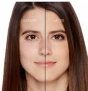
IVORY - Muy Claro con Subtono Dorado
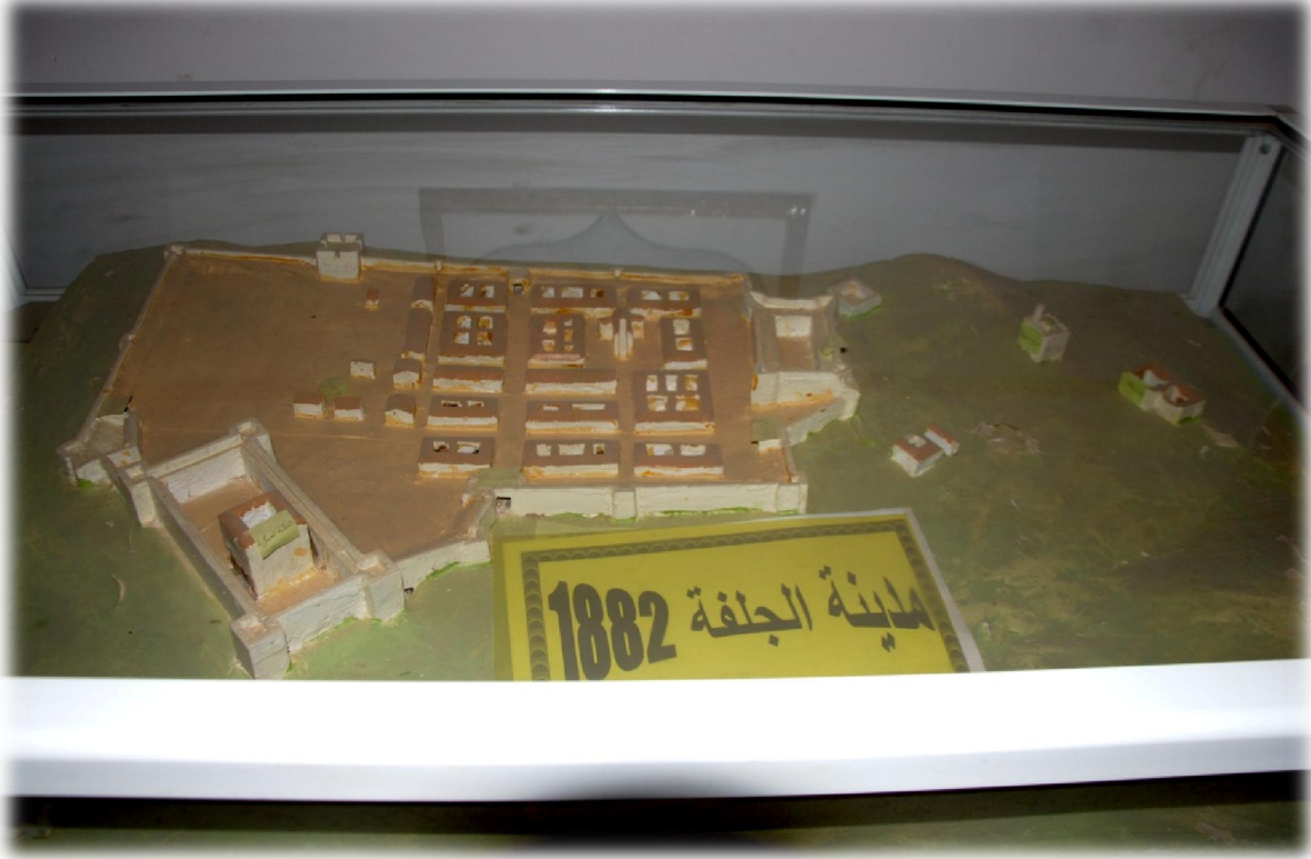
صورة رقم 15 : مجسم صغير لمدينة الجلفة عام 1882م
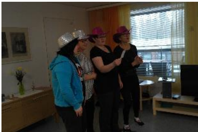
Kuva 13. Esitysryhmä laulaa laulua Kodin kynttilät

Esityksestä valmistettiin DVD-tallenne ja sitä katseltiin kodilla lainakoneen kautta. Kodin DVD-soitin ei toistanut ääntä riittävän hyvin, joten katselu jäi muutamaan kertaan. Katselijat olivat iloisen yllättyneitä, jopa ylpeitä siitä, että esiintyivät televisiossa ja kuulivat sieltä omia sekä toisten tarinoita.
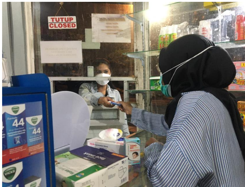
Gambar 3. Foto Kegiatan PKM
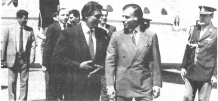
Jaime Paz Zamora y Carlos Saúl Menem en el aeropuerto militar de Buenos Aires.

El presidente argentino dijo que el tema del narcotráfico está incluido en sus conversaciones con Paz Zamora, porque se trata de "uno de los más graves" problemas que enfrenta actualmente el mundo entero.
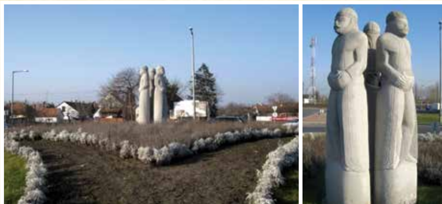
„Kun őseink emlékére” szoborcsoport, Kiskunhalas.
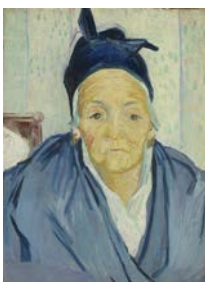
Vieille Arlésienne, Arles, février 1888 Huile sur toile, 58 x 42 cm Van Gogh Museum, Amsterdam (Vincent van Gogh Foundation)
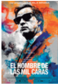
El hombre de las mil caras
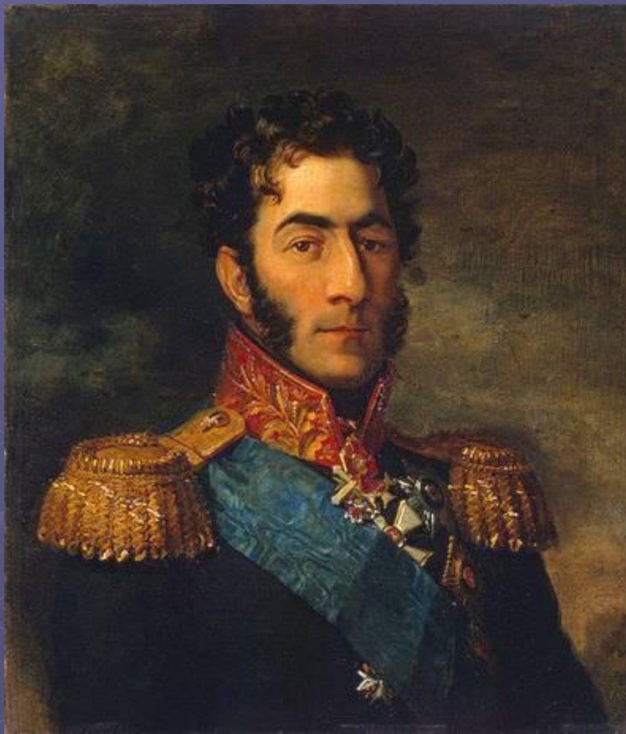
Пётр Иванович Багратион

В 1806-1807 годах Денис Давыдов храбро сражался с французами в Пруссии в чине поручика лейб-гвардии гусарского полка, был адъютантом Петра Ивановича Багратиона.
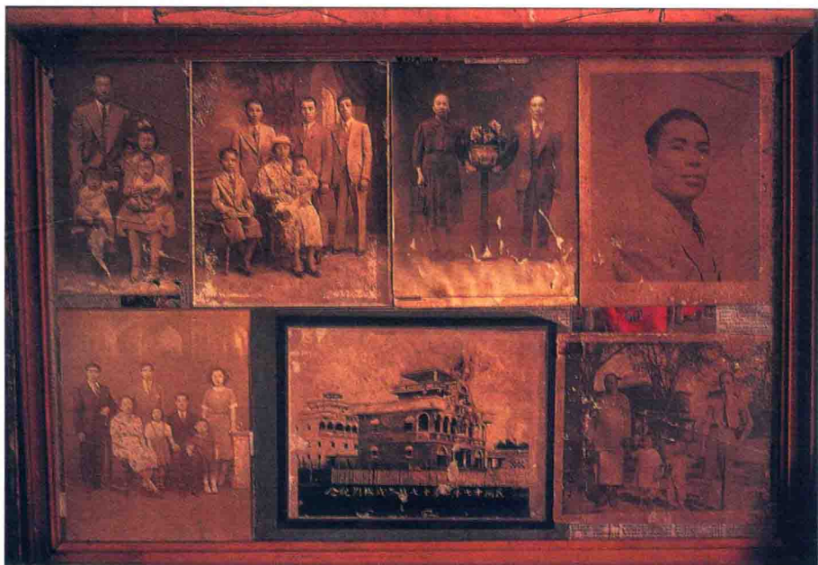
老屋里几乎都有这样的镜框，让乡亲天天与海外的亲人见面

为什么五邑的海外移民主要分布在美国和加拿大，而福建、广东沿海其他侨乡的海外乡亲则集中在东南亚？
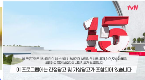
방송사 프로그램 (드라마, 예능 등)
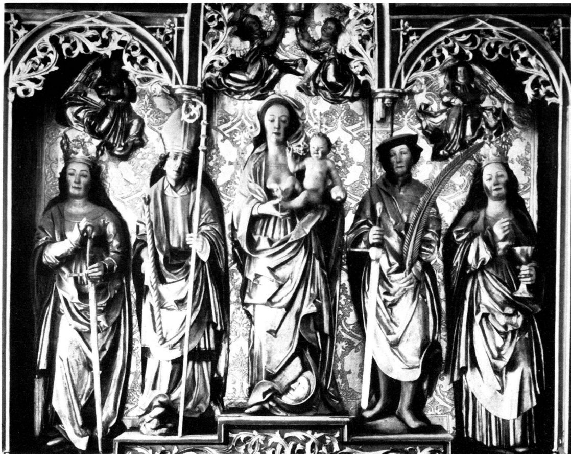
Abb. 1. Tinzen, Pfarrkirche, Hochaltar, Schrein.
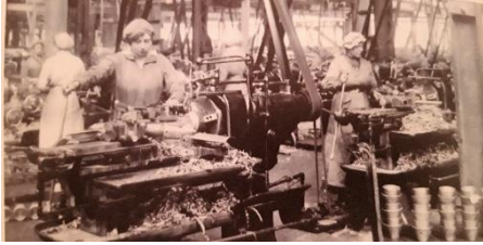
(Povijest 7, Agičić, Koren, Najbar-Agičić, Profil, Zagreb, 2007.)
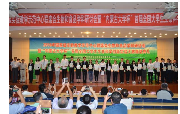
大赛优秀组织奖获得者合影留念
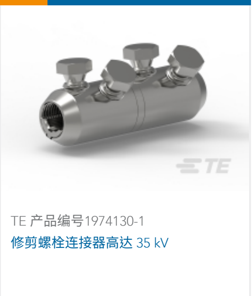
TE 产品编号1974130-1 修剪螺栓连接器高达 35 kV

☆ ☆ ☆ ☆

— HOW TO COMPLETE THIS TASK —
Quote exactly the lines from the one that contains "El hombre de las mil caras" through the end of the listing above, both ends included, leaving out the pictures.

— SOLUTION BELOW —
El hombre de las mil caras
Пётр Иванович Багратион

В 1806-1807 годах Денис Давыдов храбро сражался с французами в Пруссии в чине поручика лейб-гвардии гусарского полка, был адъютантом Петра Ивановича Багратиона.
老屋里几乎都有这样的镜框，让乡亲天天与海外的亲人见面

为什么五邑的海外移民主要分布在美国和加拿大，而福建、广东沿海其他侨乡的海外乡亲则集中在东南亚？
방송사 프로그램 (드라마, 예능 등)
Abb. 1. Tinzen, Pfarrkirche, Hochaltar, Schrein.
(Povijest 7, Agičić, Koren, Najbar-Agičić, Profil, Zagreb, 2007.)
大赛优秀组织奖获得者合影留念
TE 产品编号1974130-1 修剪螺栓连接器高达 35 kV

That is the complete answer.